From the first line of the entries down to the line with "This paper proposes", write out every line exactly; that last line counts, but pictures do not.

::: AVAILABLE DATA

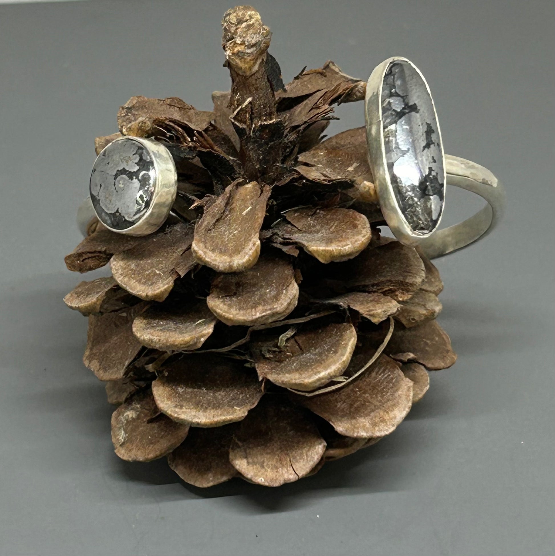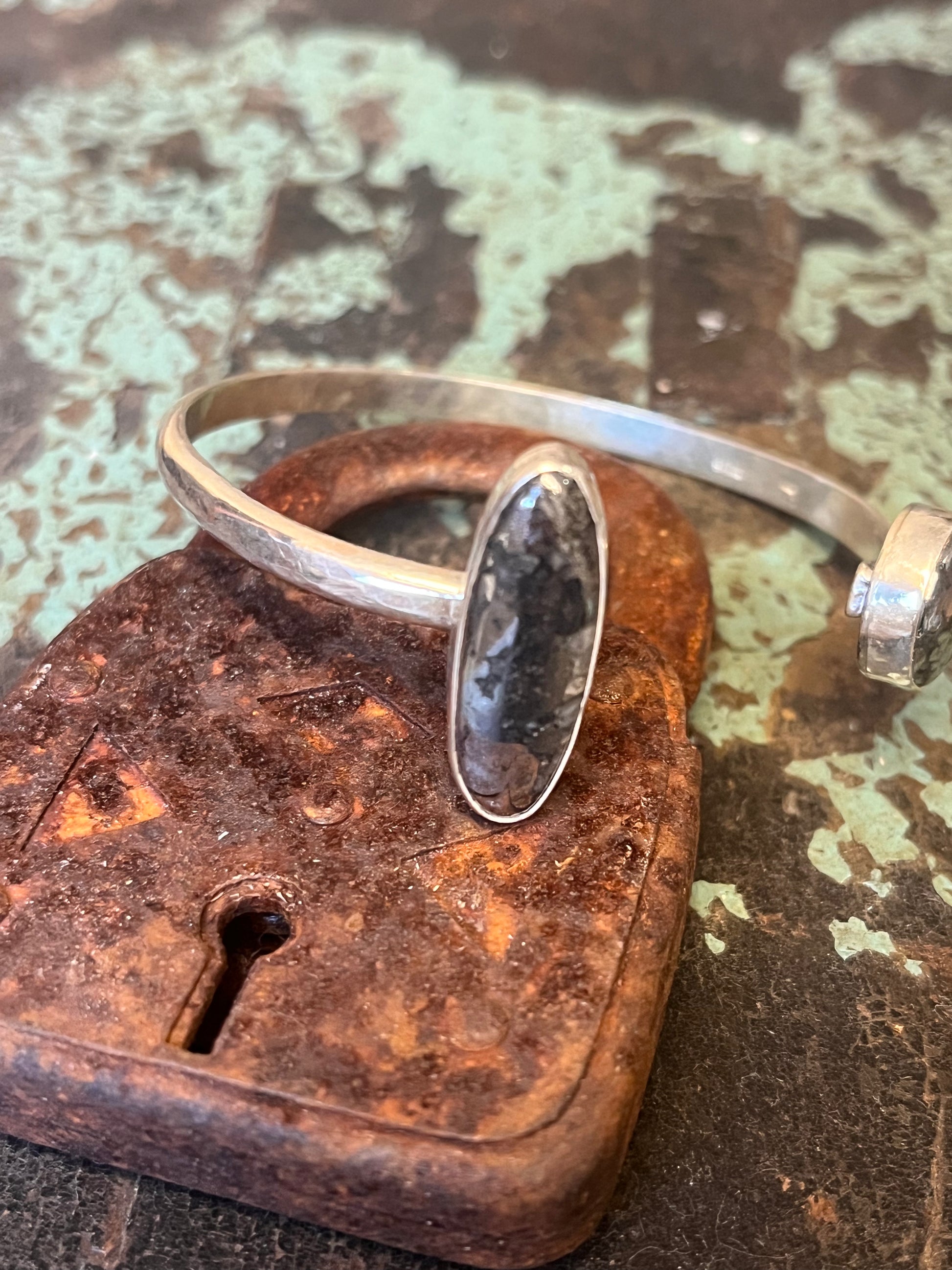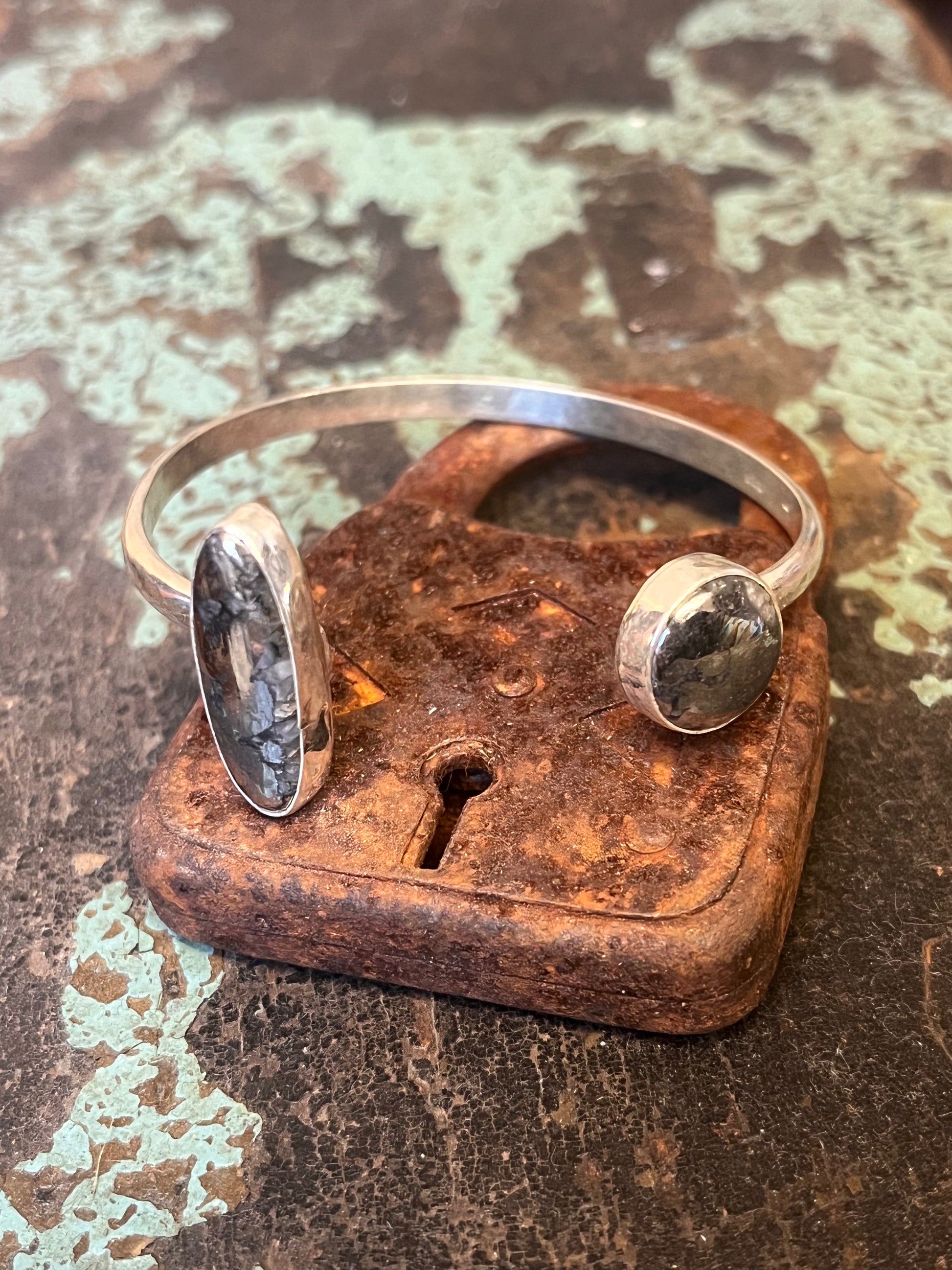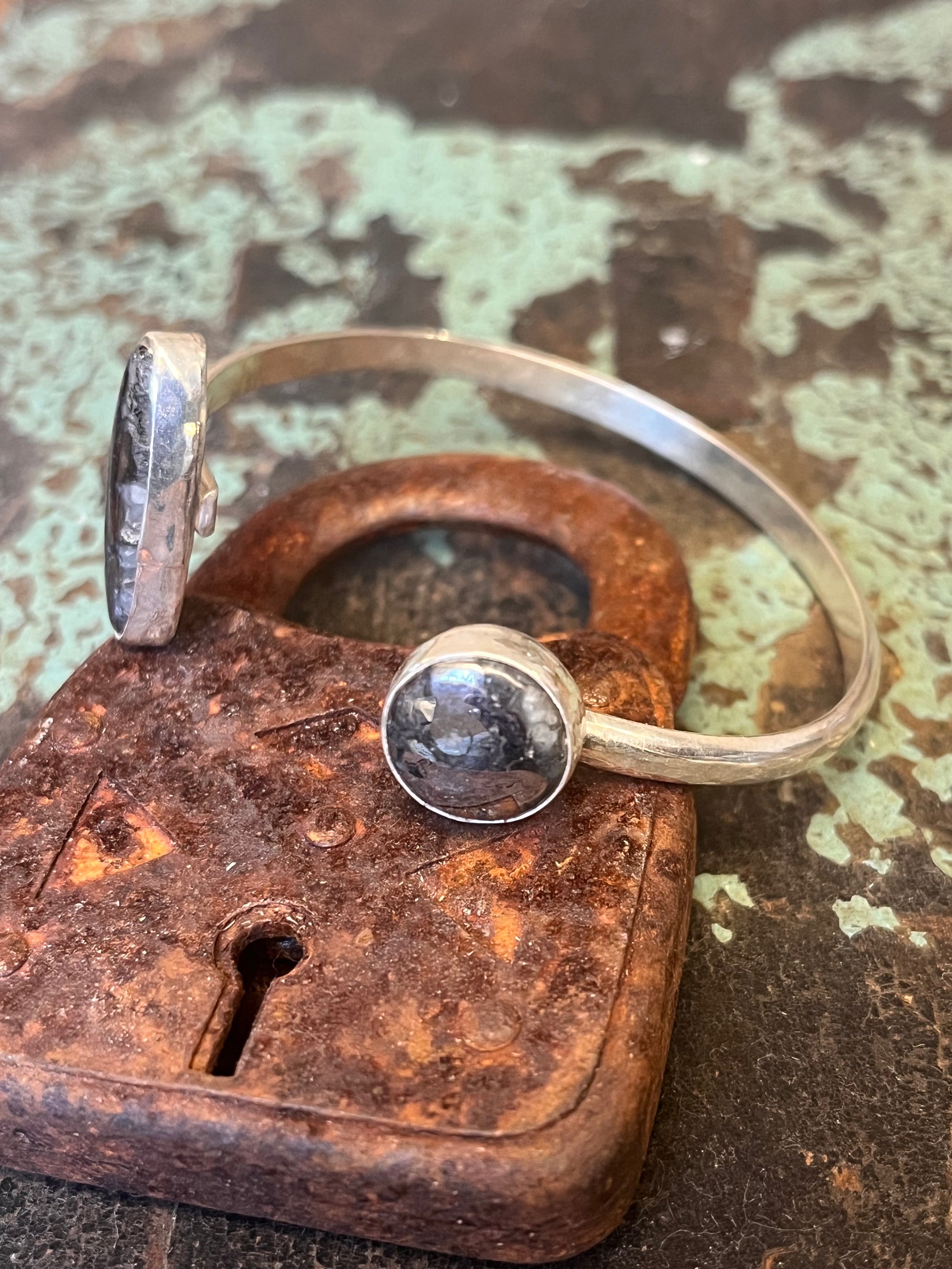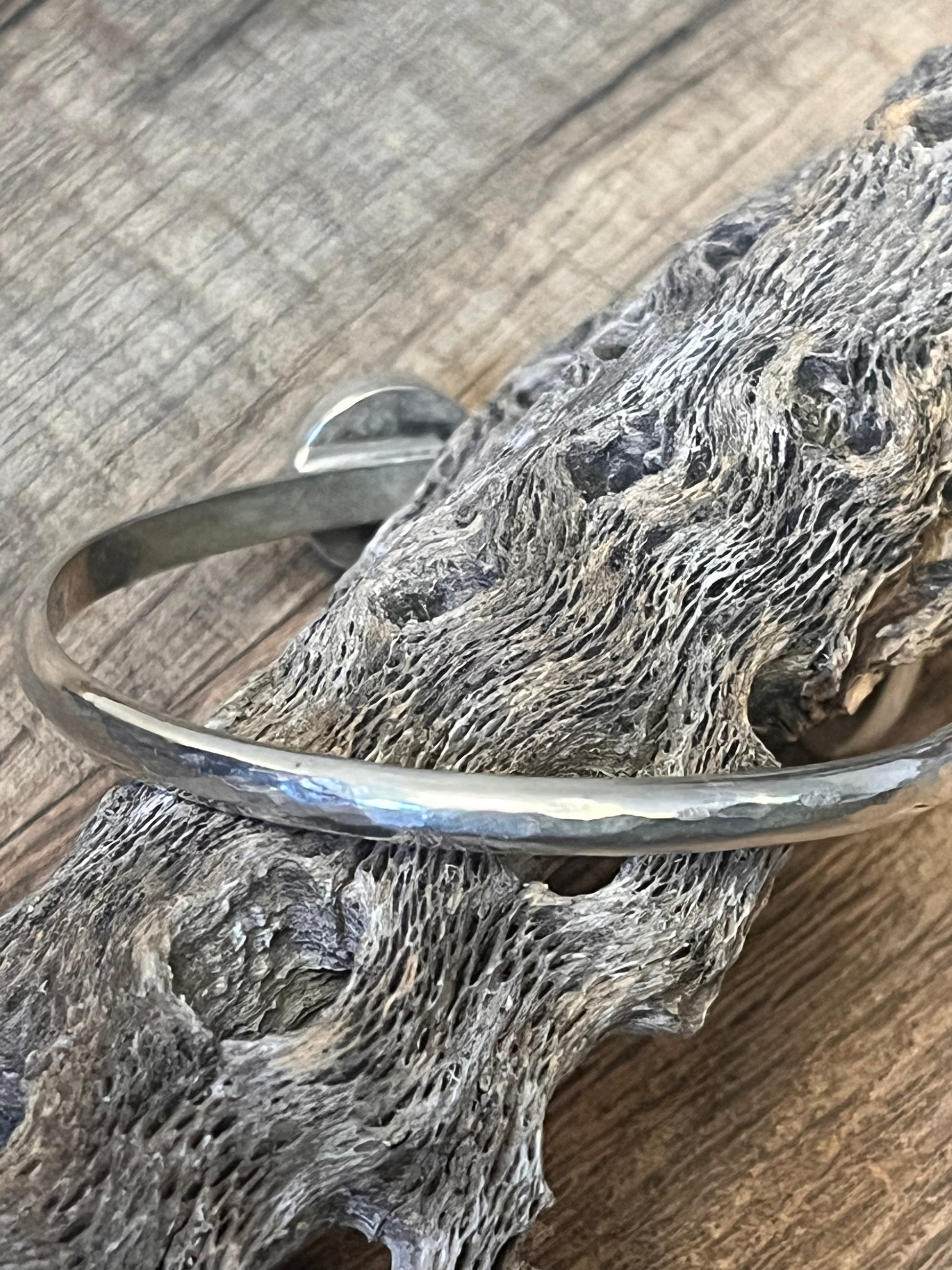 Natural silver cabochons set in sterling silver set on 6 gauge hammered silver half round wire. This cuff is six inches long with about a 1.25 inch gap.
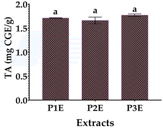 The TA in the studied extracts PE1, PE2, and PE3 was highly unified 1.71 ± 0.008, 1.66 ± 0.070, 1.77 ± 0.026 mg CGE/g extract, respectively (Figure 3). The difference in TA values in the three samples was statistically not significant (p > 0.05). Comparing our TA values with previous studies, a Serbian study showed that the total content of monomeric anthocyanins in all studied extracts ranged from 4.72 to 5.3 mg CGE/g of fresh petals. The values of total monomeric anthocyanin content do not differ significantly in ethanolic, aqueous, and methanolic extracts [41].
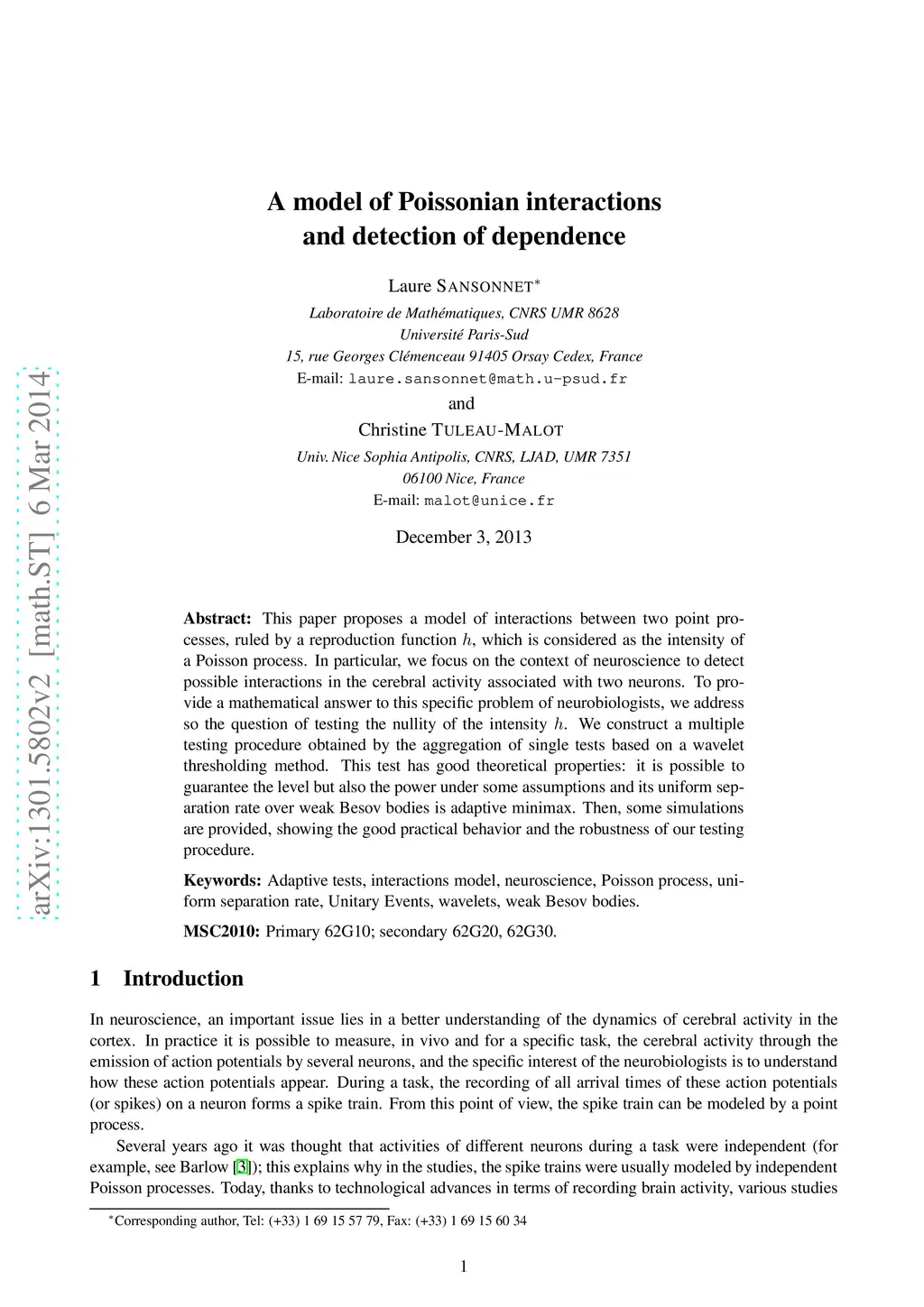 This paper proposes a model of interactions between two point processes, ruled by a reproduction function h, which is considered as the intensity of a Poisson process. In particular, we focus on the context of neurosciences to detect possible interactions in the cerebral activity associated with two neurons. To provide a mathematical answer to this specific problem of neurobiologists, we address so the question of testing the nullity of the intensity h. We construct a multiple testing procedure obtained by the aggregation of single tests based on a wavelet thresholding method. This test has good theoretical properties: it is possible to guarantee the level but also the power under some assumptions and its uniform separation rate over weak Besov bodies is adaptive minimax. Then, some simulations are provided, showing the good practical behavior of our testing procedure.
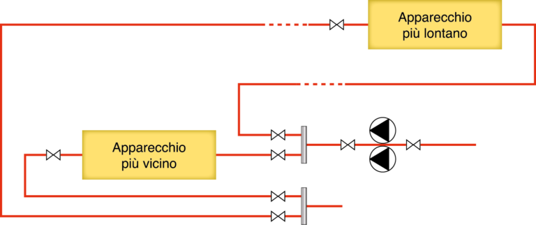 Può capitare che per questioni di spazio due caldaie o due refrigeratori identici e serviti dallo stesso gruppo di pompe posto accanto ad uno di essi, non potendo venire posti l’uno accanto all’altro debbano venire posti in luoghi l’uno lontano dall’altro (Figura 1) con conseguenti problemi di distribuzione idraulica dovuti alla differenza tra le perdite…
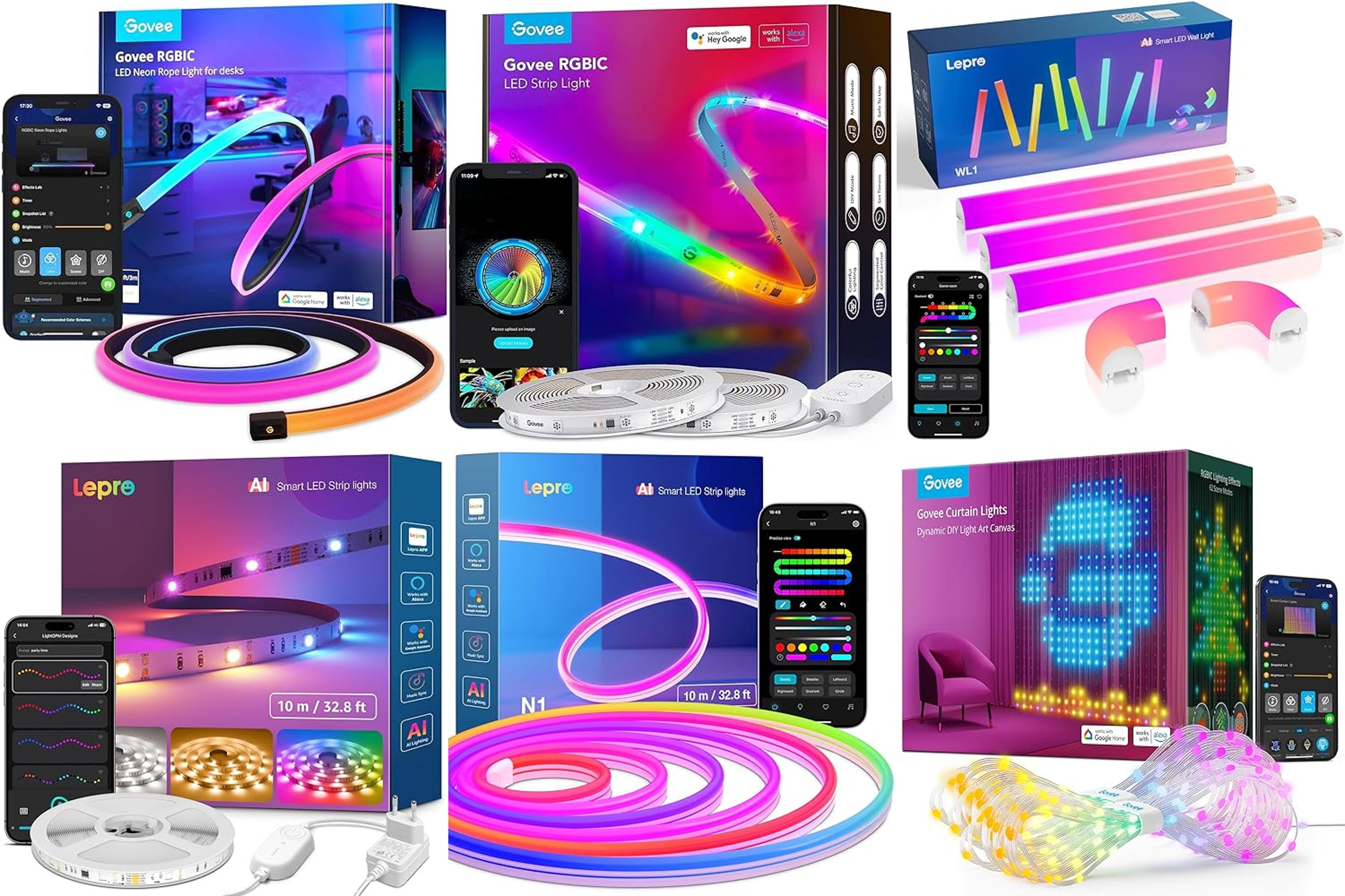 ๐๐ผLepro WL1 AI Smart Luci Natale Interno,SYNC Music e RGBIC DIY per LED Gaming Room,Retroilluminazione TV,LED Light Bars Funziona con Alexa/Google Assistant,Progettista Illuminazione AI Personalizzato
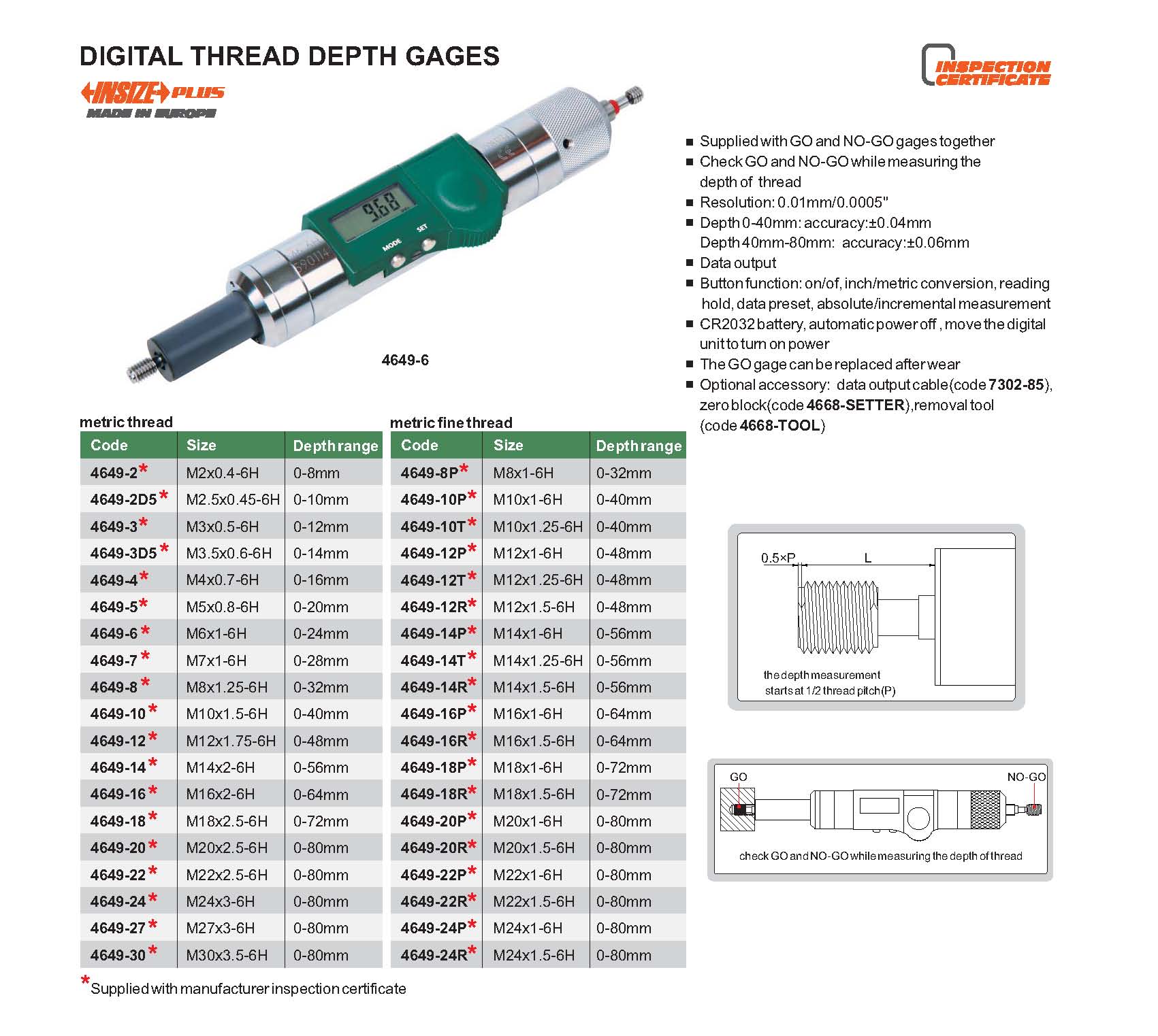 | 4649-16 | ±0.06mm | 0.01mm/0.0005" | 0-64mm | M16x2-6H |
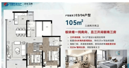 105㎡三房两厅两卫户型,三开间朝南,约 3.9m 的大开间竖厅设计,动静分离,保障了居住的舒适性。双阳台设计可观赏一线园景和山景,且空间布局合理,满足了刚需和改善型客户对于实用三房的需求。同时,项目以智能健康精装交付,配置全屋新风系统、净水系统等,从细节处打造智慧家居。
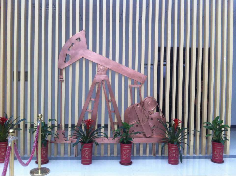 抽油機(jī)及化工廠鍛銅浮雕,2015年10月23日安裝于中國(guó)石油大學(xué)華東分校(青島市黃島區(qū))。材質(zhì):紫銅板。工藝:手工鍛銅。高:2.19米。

::::::

> TASK ANSWER:
 Natural silver cabochons set in sterling silver set on 6 gauge hammered silver half round wire. This cuff is six inches long with about a 1.25 inch gap.
 The TA in the studied extracts PE1, PE2, and PE3 was highly unified 1.71 ± 0.008, 1.66 ± 0.070, 1.77 ± 0.026 mg CGE/g extract, respectively (Figure 3). The difference in TA values in the three samples was statistically not significant (p > 0.05). Comparing our TA values with previous studies, a Serbian study showed that the total content of monomeric anthocyanins in all studied extracts ranged from 4.72 to 5.3 mg CGE/g of fresh petals. The values of total monomeric anthocyanin content do not differ significantly in ethanolic, aqueous, and methanolic extracts [41].
 This paper proposes a model of interactions between two point processes, ruled by a reproduction function h, which is considered as the intensity of a Poisson process. In particular, we focus on the context of neurosciences to detect possible interactions in the cerebral activity associated with two neurons. To provide a mathematical answer to this specific problem of neurobiologists, we address so the question of testing the nullity of the intensity h. We construct a multiple testing procedure obtained by the aggregation of single tests based on a wavelet thresholding method. This test has good theoretical properties: it is possible to guarantee the level but also the power under some assumptions and its uniform separation rate over weak Besov bodies is adaptive minimax. Then, some simulations are provided, showing the good practical behavior of our testing procedure.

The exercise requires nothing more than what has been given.